Supplied information >>

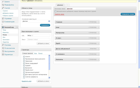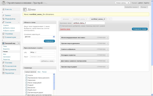 Ах да, чуть не забыл, зайдите в папку шаблонов WordPress («wp-content\themes») и скопируйте с папки «twentyten» файлы: «404.php», «functions.php», «comments.php» и папку «languages». Всё, шаблон готовый. Берём всю папку «era_stroy» и переносим в папку шаблонов. Устанавливаем WordPress, активируем шаблон и вуаля, практически всё работает. Но без ложки дёгтя в бочке мёда не обошлось. У каждого меню есть свое имя и теперь каждое меню нужно сформировать, сперва забив нужные страницы.
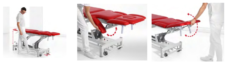 | Wysokiej jakości wykończenie | Regulowane stopki | Kąt regulacji zagłówka | Kąt regulacji sekcji nożnej | Wymiary każdej sekcji stołu |
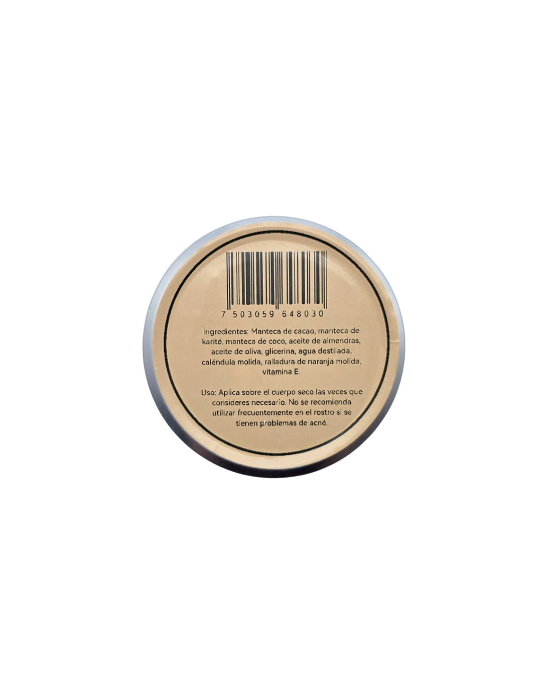 Ingredientes: Manteca de cacao, manteca de karité, manteca de coco, aceite de almendras, aceite de oliva, aceite de caléndula, cera de abeja, glicerina, agua destilada, sorbato de potasio, benzoato de sodio, caléndula molida, ralladura de naranja, vitamina E, aceite esencial de naranja..

What is required >> When you repeat the listing, keep it exact and leave the pictures behind.

Solution to the problem >>
 Ах да, чуть не забыл, зайдите в папку шаблонов WordPress («wp-content\themes») и скопируйте с папки «twentyten» файлы: «404.php», «functions.php», «comments.php» и папку «languages». Всё, шаблон готовый. Берём всю папку «era_stroy» и переносим в папку шаблонов. Устанавливаем WordPress, активируем шаблон и вуаля, практически всё работает. Но без ложки дёгтя в бочке мёда не обошлось. У каждого меню есть свое имя и теперь каждое меню нужно сформировать, сперва забив нужные страницы.
 | Wysokiej jakości wykończenie | Regulowane stopki | Kąt regulacji zagłówka | Kąt regulacji sekcji nożnej | Wymiary każdej sekcji stołu |
 Ingredientes: Manteca de cacao, manteca de karité, manteca de coco, aceite de almendras, aceite de oliva, aceite de caléndula, cera de abeja, glicerina, agua destilada, sorbato de potasio, benzoato de sodio, caléndula molida, ralladura de naranja, vitamina E, aceite esencial de naranja..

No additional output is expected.